_Exercise objective_.
Your answer should be an exact copy of the lines from the one holding "盒子裡裝了滿滿的辣椒餅乾 花生 碗豆" to the end of the material below, pictures left out.

_Information supplied_.
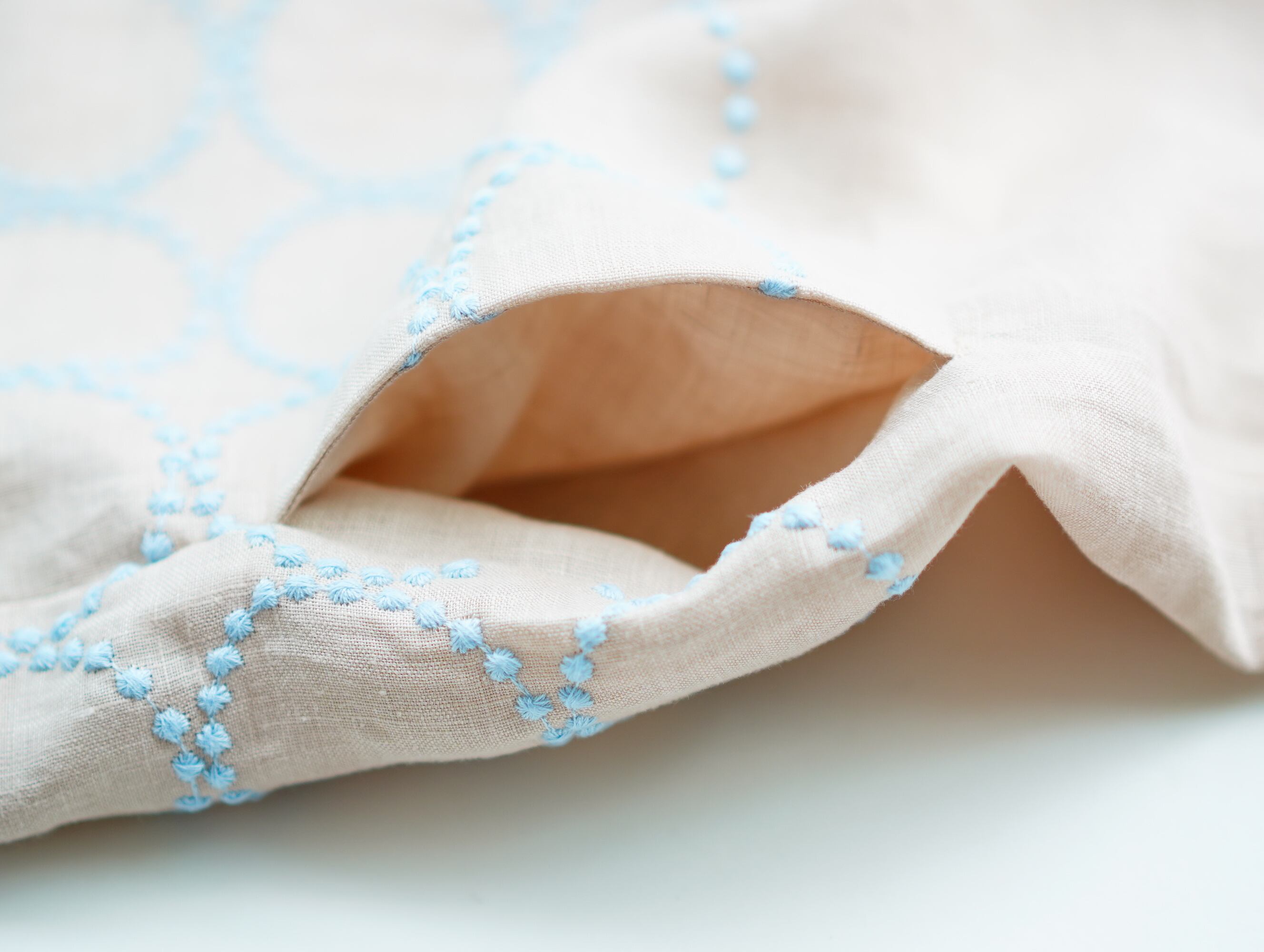 高密度で織り上げたリネンで仕立てられた子供らしさが溢れるドレスを仕立てました。夏の風景に溶け込んでいくような清涼感のある1着は、日々のお出かけの時間を高揚感で包み込んでくれそうです。
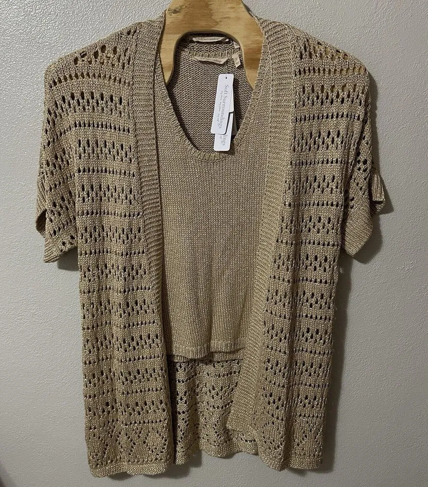 Soft Surroundings Opaline Shimmer Cardigan & Sweater Tank Top Sz‎ Large 2 Piece Tan - $59 New With Tags - From HannahBThrifts
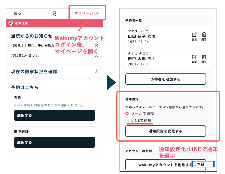 Wakumyでは、予約完了や、診察順番が近づいたなどの通知をメールではなくLINEで受け取ることができます。
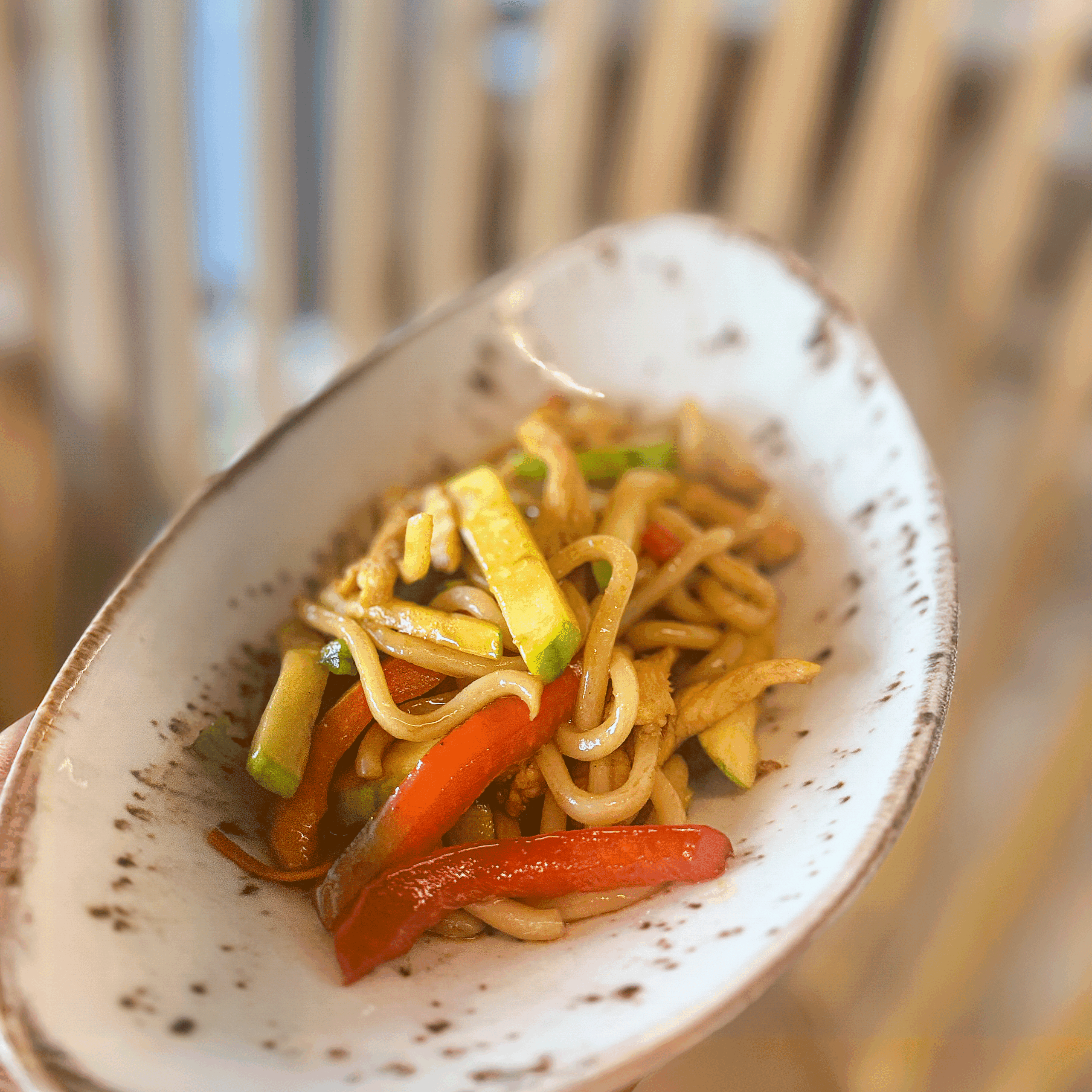 Udon con pollo, verduras y soja estofada
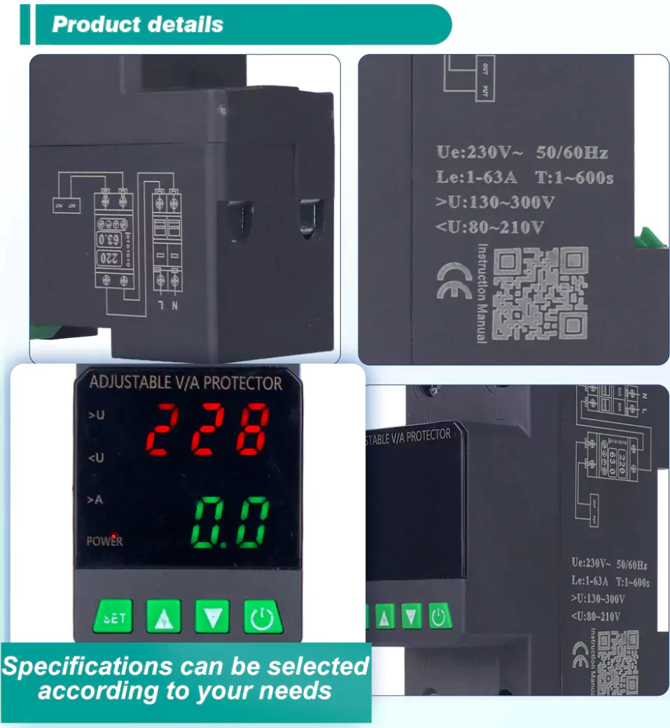 4. รีเลย์ตัวป้องกันแรงดันไฟฟ้า 2 เสามีการออกแบบแบบแยกส่วนสำหรับการติดตั้งแทร็กง่าย ๆ เพิ่มรูปลักษณ์และการใช้งาน
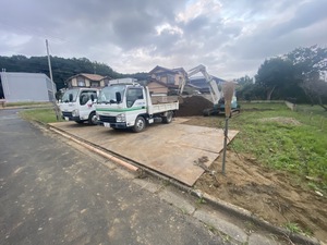 良質土を運搬して、基礎着工時に整地を兼ねていきます。
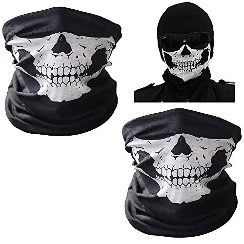 UBERMing 2 Pcs Balaclava Face Scarf Skeleton Skull Face Mask Half Face Mask Skull Neck Tubular Protective Dust Mask Halloween Party Mask Unisex Scarf Headwrap Biker Bandana – Black
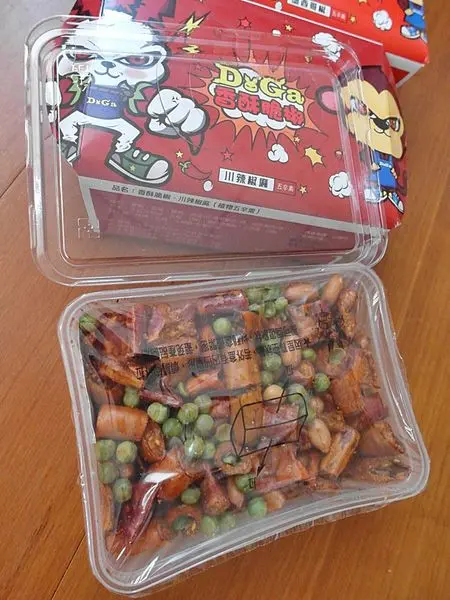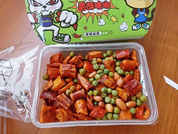 盒子裡裝了滿滿的辣椒餅乾 花生 碗豆
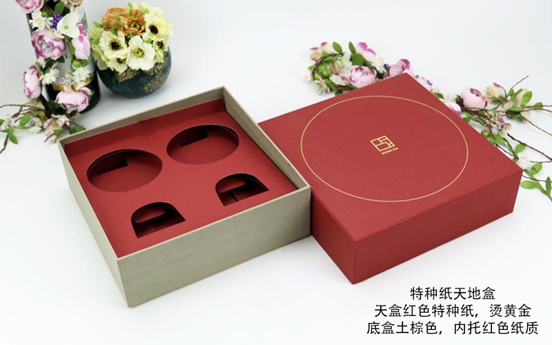 1. 材質:上盒用紅(hóng)色特種紙,紙張特别有手感燙金香槟金色下盒爲特黃色珠光紙,盒子規(guī)定的内托是紙質,盒型爲天地盒整款包裝盒都是手工制作

_Expected output_.
 盒子裡裝了滿滿的辣椒餅乾 花生 碗豆
 1. 材質:上盒用紅(hóng)色特種紙,紙張特别有手感燙金香槟金色下盒爲特黃色珠光紙,盒子規(guī)定的内托是紙質,盒型爲天地盒整款包裝盒都是手工制作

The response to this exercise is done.